> _WORK TO BE COMPLETED_
Transcribe exactly the lines below that begin at the line with "Skinova细胞活力修复安" and stop after the line with "Lynn Shirt in Vintage Satin - Raisin", leaving out every picture.

= = = =

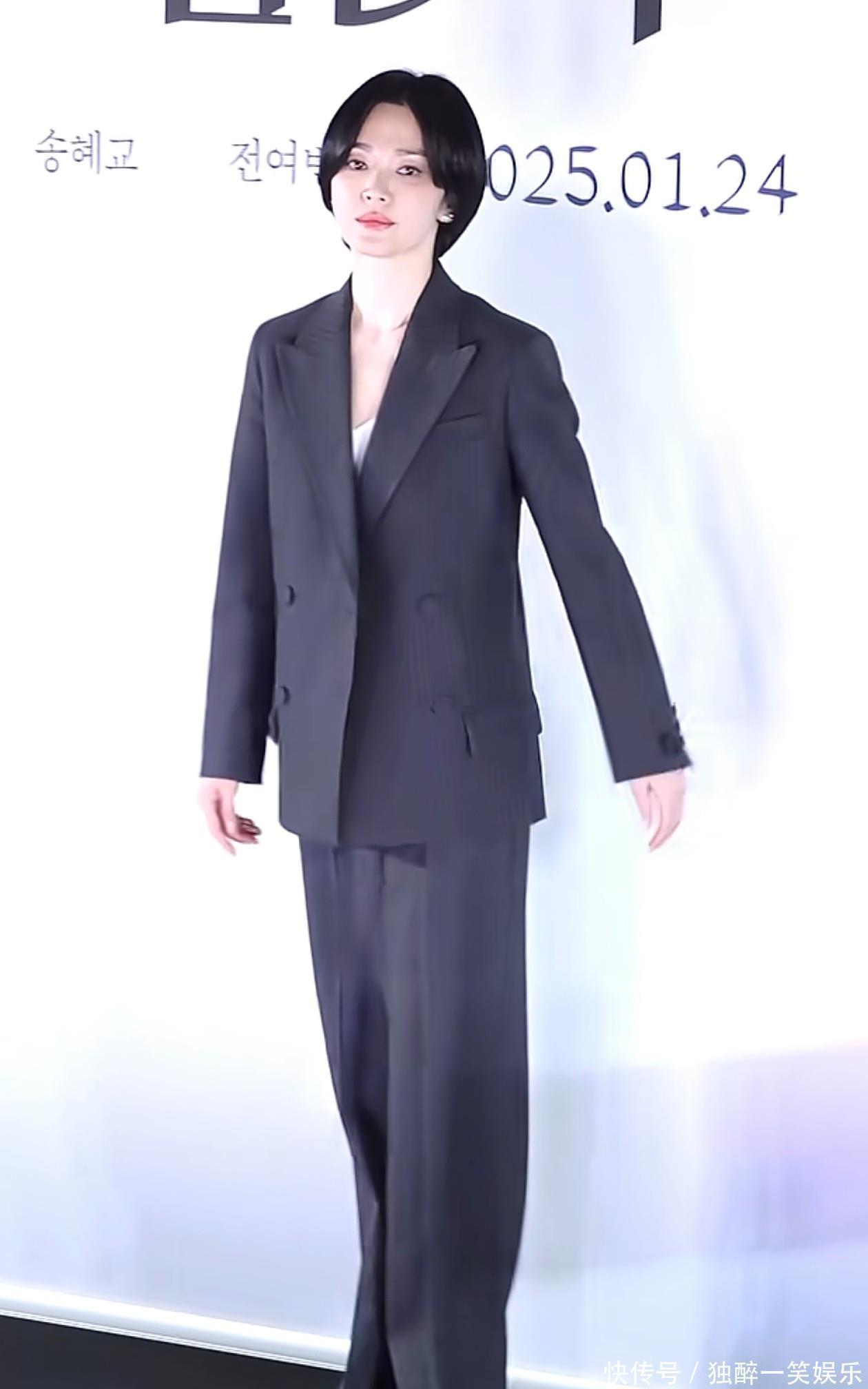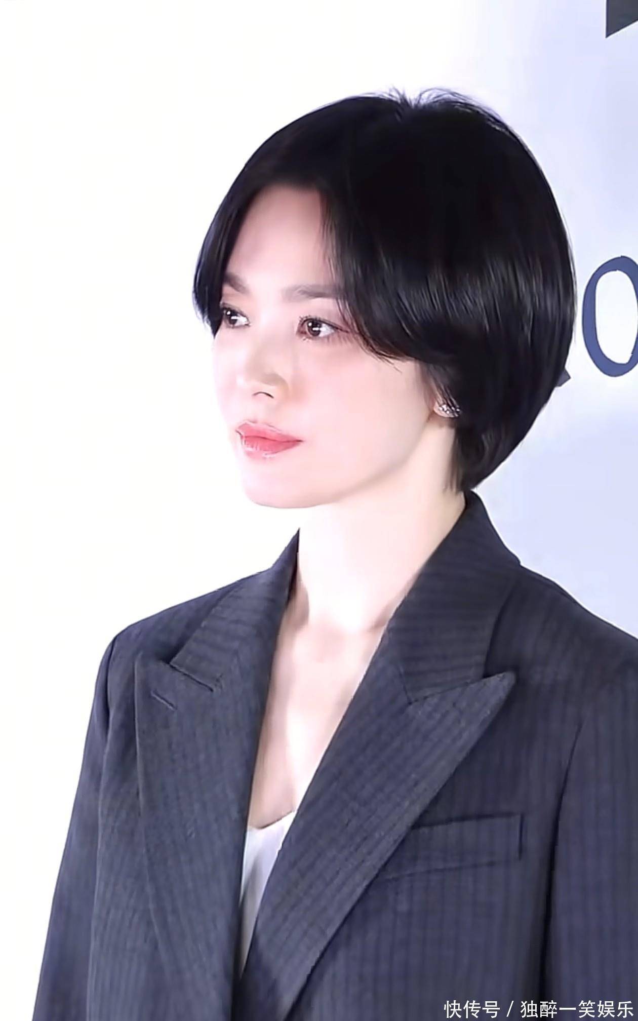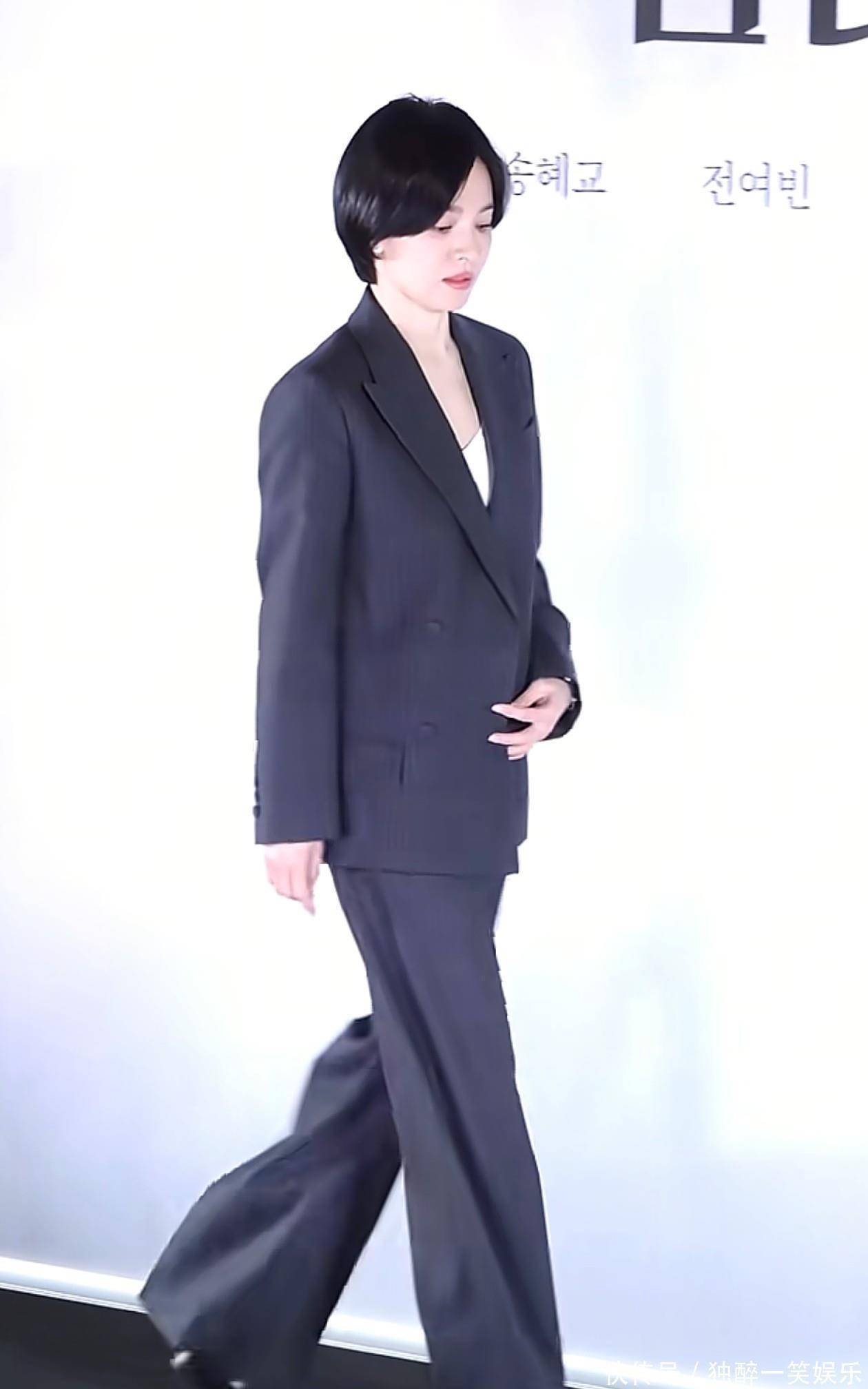 只要不是花花绿绿的颜色,其他颜色像黑色、白色、灰色的西服套装穿身上都尽显干练利落。这身穿搭衬的人更挺拔,有气场。你发现没,宋慧乔的发量不少,这点也让人特羡慕!
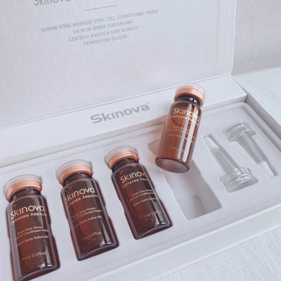 Skinova细胞活力修复安瓶中的干细胞培养液中含有10%的脂质体/财团叶提取物美白祛皱双重功能;积雪草萃取,广泛用于健康,美容和管理。被肌肤吸收后有助于镇静红肿敏感的肌肤。促进胶原蛋白合成,增强皮肤弹性;三酯(triterpene)成分,有助于镇静红肿敏感的肌肤。
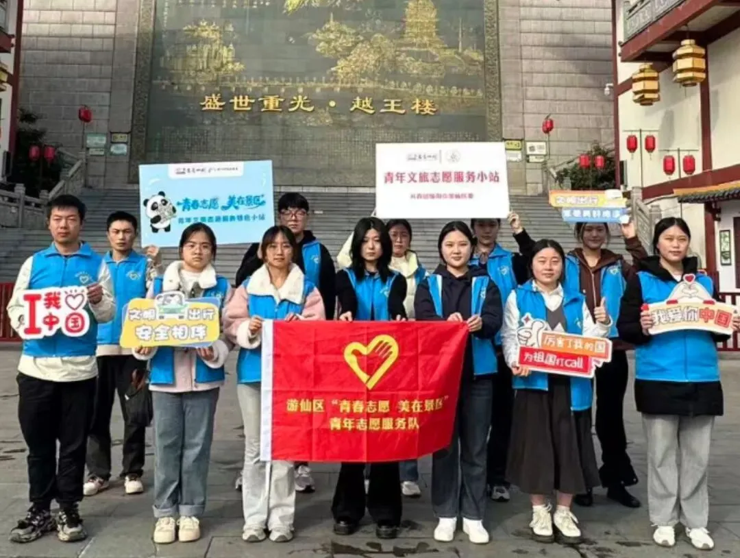 团游仙区委组织20名返乡大学生志愿者在越王楼景区开展“青春志愿・美在景区”志愿服务活动。构建集扫码购票指导、现场秩序维护、游览路线咨询、特色打卡指引、应急帮扶救助于一体的综合性便民服务矩阵,累计服务游客近万人次。
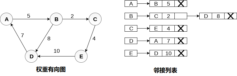 权重有向图以及邻接矩阵表示如下图所示。
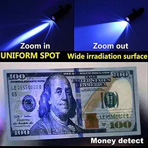 【焦点調整とユニーク性能】ズームイン/ズームアウトして適切な照明範囲を調整します。ビームを拡大して疑わしい部分を丸で囲み、ペットの尿に印を付けます。UV懐中電灯は365 nm 波長LED光源を採用しており、暗いダイオードランプを採用しないで
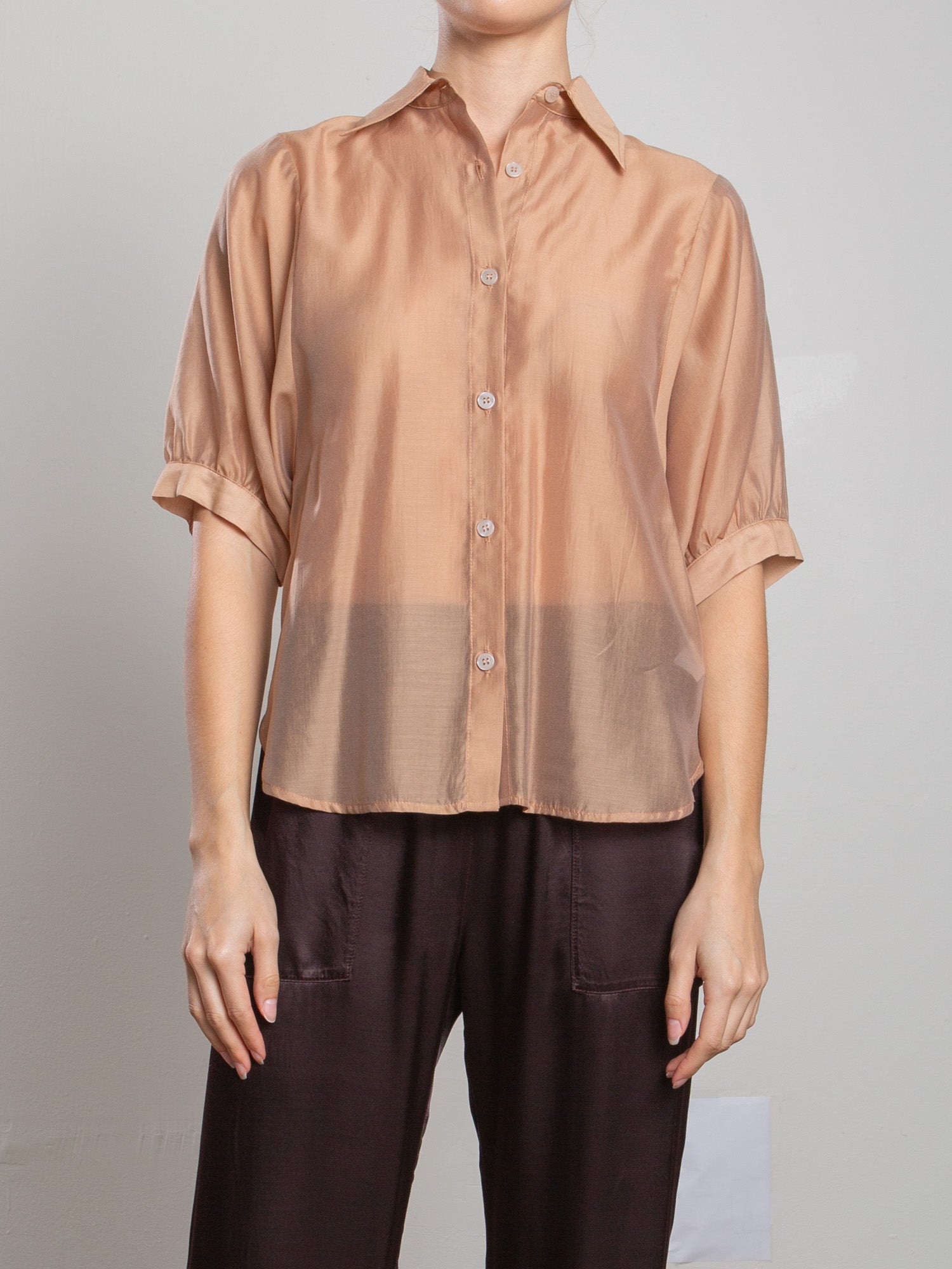 Lynn Shirt in Vintage Satin - Raisin
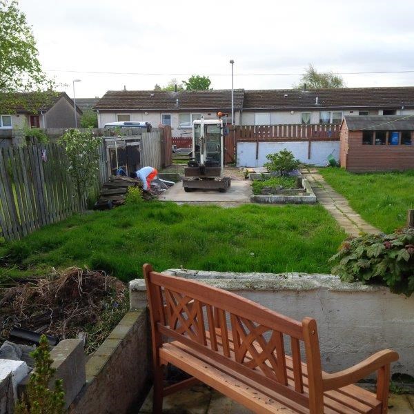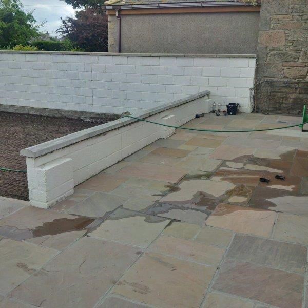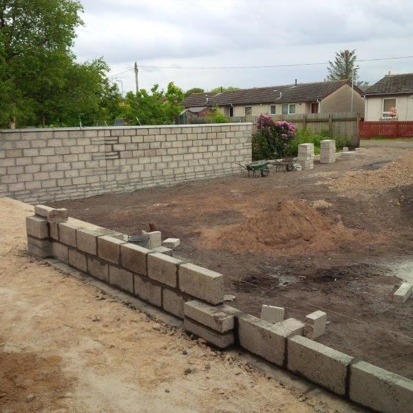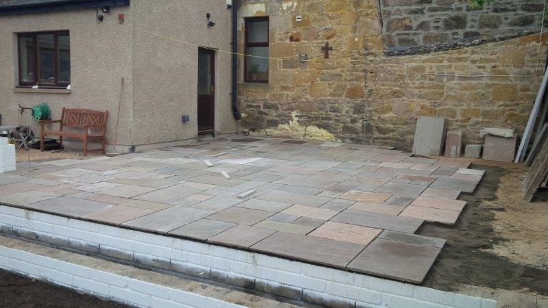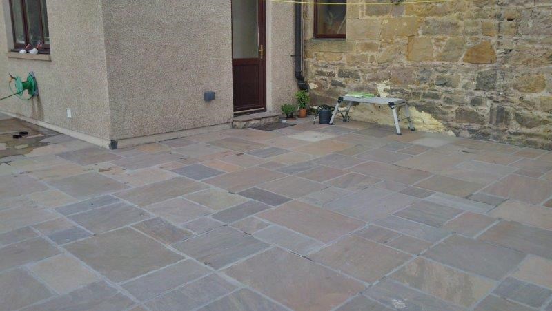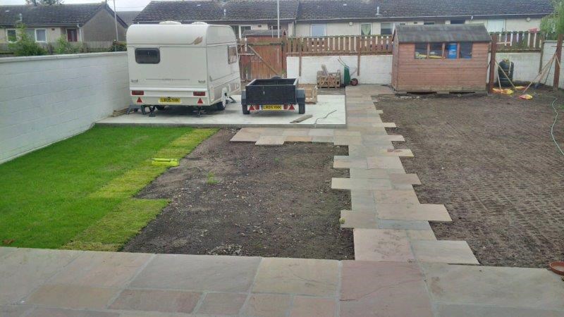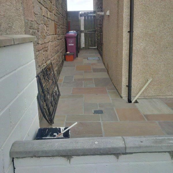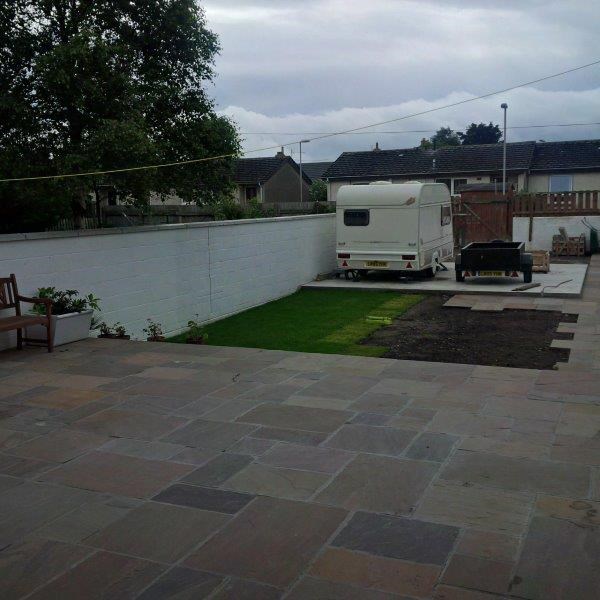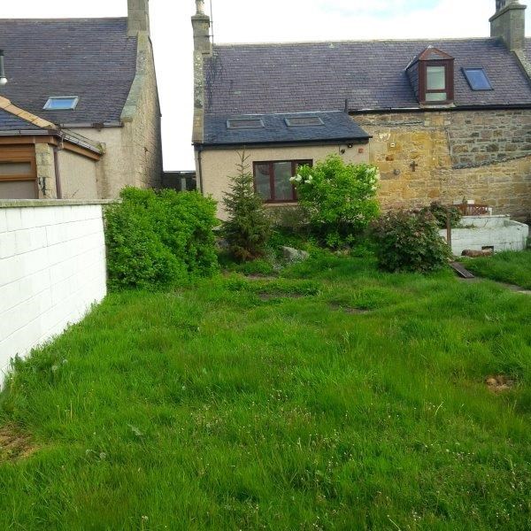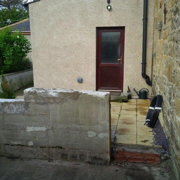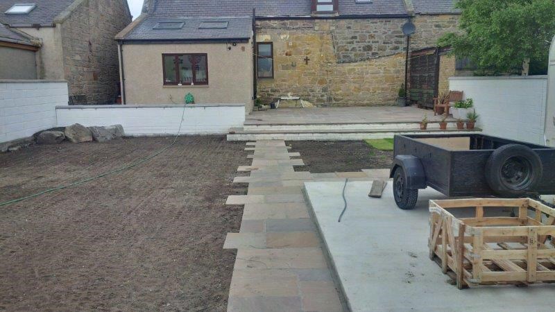 Complete garden renovation of Traditional Fisherman's cottage in Portgordon. This comprised laying a large new patio area and pathways using random Indian Sandstone slabs. Also building of new boundary walls, and creating a hardstanding area to rear and landscaping/grading of remaining garden areas. Completed 2015.

= = = =

> _YOUR SOLUTION_
 Skinova细胞活力修复安瓶中的干细胞培养液中含有10%的脂质体/财团叶提取物美白祛皱双重功能;积雪草萃取,广泛用于健康,美容和管理。被肌肤吸收后有助于镇静红肿敏感的肌肤。促进胶原蛋白合成,增强皮肤弹性;三酯(triterpene)成分,有助于镇静红肿敏感的肌肤。
 团游仙区委组织20名返乡大学生志愿者在越王楼景区开展“青春志愿・美在景区”志愿服务活动。构建集扫码购票指导、现场秩序维护、游览路线咨询、特色打卡指引、应急帮扶救助于一体的综合性便民服务矩阵,累计服务游客近万人次。
 权重有向图以及邻接矩阵表示如下图所示。
 【焦点調整とユニーク性能】ズームイン/ズームアウトして適切な照明範囲を調整します。ビームを拡大して疑わしい部分を丸で囲み、ペットの尿に印を付けます。UV懐中電灯は365 nm 波長LED光源を採用しており、暗いダイオードランプを採用しないで
 Lynn Shirt in Vintage Satin - Raisin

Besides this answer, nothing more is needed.